Rajiv Gandhi Institute of IT and Biotechnology, Bharati Vidyapeeth Deemed University, India

Correspondence: Pritee Chunarkar Patil, Rajiv Gandhi Institute of IT and Biotechnology, Bharati Vidyapeeth Deemed University, Pune, Maharashtra, India, Tel 9730038142, Fax +91-20-24365713

Received: November 14, 2017 | Published: January 10, 2018

Citation: Panchal PS, Bhairavkar HV, Patil PC. Determination of uncultured microorganisms based on metagenomics signature or biomarkers at fresh water reservoirs. Open Access J Sci. 2018;2(1):4-8. DOI: 10.15406/oajs.2018.02.00036

Download PDF

Abstract

Metagenomics is the branch of science which does the direct analysis of genetic material of environmental samples. Maximum microorganisms present in the ecosystem are unculturable. Metagenomics with the expansion in the field of Next Generation Sequencing (NGS) has generated large amount of raw sequence reads of uncultured microbes from different ecosystem. This combination opens door for new metabolites, drug targets, new species and unknown world of new genes could be utilized for the therapeutics. Biomarkers could be utilized as an indicator for the identification of any biological processes, disease genes, metabolites, enzymes, and antibiotics while biosensor is an analytical devise for the detection of analyte with the help of biological component (biomarkers) and physicochemical detector. Current study tried to find probable biomarkers which could be utilized for biosensor development especially for uncultured microorganisms from fresh water ecosystems. We collected all fresh water raw reads from publically available different repositories. After preliminary screening on huge data sets, we performed quality analysis on raw read sequences, generated 10 different conserve domains by multiple sequence alignment. These CDs could be promising biomarkers for the identification of uncultured microbes from fresh water ecosystems which may be pathogenic for humans. DNA hybridization based Biosensor could be synthesized by using by using this biomarker sequences for detecting the presence of uncultured microorganisms (pathogenic/non-pathogenic) in fresh water ecosystem.

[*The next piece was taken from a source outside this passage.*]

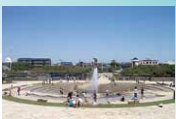
水の広場 噴水があり、夏には水遊びができます。また、イベントなども開催され、にぎわいます。

Keywords: metagenomics, next generation sequencing, fresh water ecosystem, multiple sequence alignment, conserve domains, biomarkers, biosensor

Abbreviations

NGS, next generation sequencing; MSA, multiple sequence alignment; CDs, conserve domains; EBI, european bioinformatics institute; NCBI, national center for biotechnology information

Introduction

Most of the microorganisms present in the ecology are unculturable which are commonly known as metagenomes. Metagenomics can simply define as a direct genetic analysis of this metagenome from environmental samples. It’s a novel technology which can be used for exploitation of unculturable microorganisms. Metagenomics is a robust tool for discovering new hypotheses of microbial function, e.g, discoveries of proteorhodopsin based photo-heterotrophy or ammonia oxidizing Archae.^1,2 As these microorganisms are unculturable, sequencing is the major aspect of metagenomics analysis. Advances in the field of Next Generation Sequencing revolutionized the field of Biotechnology and decrease in its cost has led to the development of Metagenome Sequencing. The low cost of sequencing enables scientists to sequence large number of genetic material extracted from environmental samples. The shotgun sequences generated after sequencing can be used to determine presence of unculturable microorganisms in the environment and also their function and interaction with the environment.^3,4 This can be done with the use of conserve domains present in the sequences. Conserve domains are the sequences which remain same in related organisms i.e., they are evolutionary conserved.⁵

Now a days we don’t need to rely on whole genomic sequences, only 16S rRNA sequences or 18S rRNA sequences are enough to identify bacterial or fungal species.⁶ As per the data available, genomic sequences or 16S rRNA sequences or 18S rRNA sequences could be utilized for the Multiple Sequence Alignment (MSA) which can detect homology between these sequences. Multiple Sequence Alignment of nucleotide or protein sequence is most important technique in the field of computational biology and bioinformatics.⁷ The conserve domains obtained after the multiple sequence alignment can be used as a marker sequences to identify the presence of microorganisms in water sample, but the CDs should be very unique to identify them. These CDs may be any specific gene as in case of species specific identification very well discussed in the paper of Yan.⁸ There are biomarkers which could be utilized for the identification of more than one speciesas in the case of Salmonella and E. Coli serotyping where genes that encode the O antigen flippase (wzx) and the O antigen polymerase (wzy) are used as biomarker genes and could be utilized as biomarker for Cronobacter spp. as well.^9,10 This project targeted the fresh water metagenomics sequences already submitted to various metagenomics repositories. All these were genomic sequences of all microorganisms present in those environmental samples. We have generated conserve domains by performing multiple sequence alignment of the sequences. In future, by considering these sequences as a biomarker sequences for uncultured microorganisms, we can synthesize a biosensor. Biosensor is an analytical device which involves biological sensing element with wide range of application in drug discovery, food safety and environment monitoring.^11,12 It will detect the presence of uncultured microorganisms in fresh water ecosystem which may be pathogenic for humans.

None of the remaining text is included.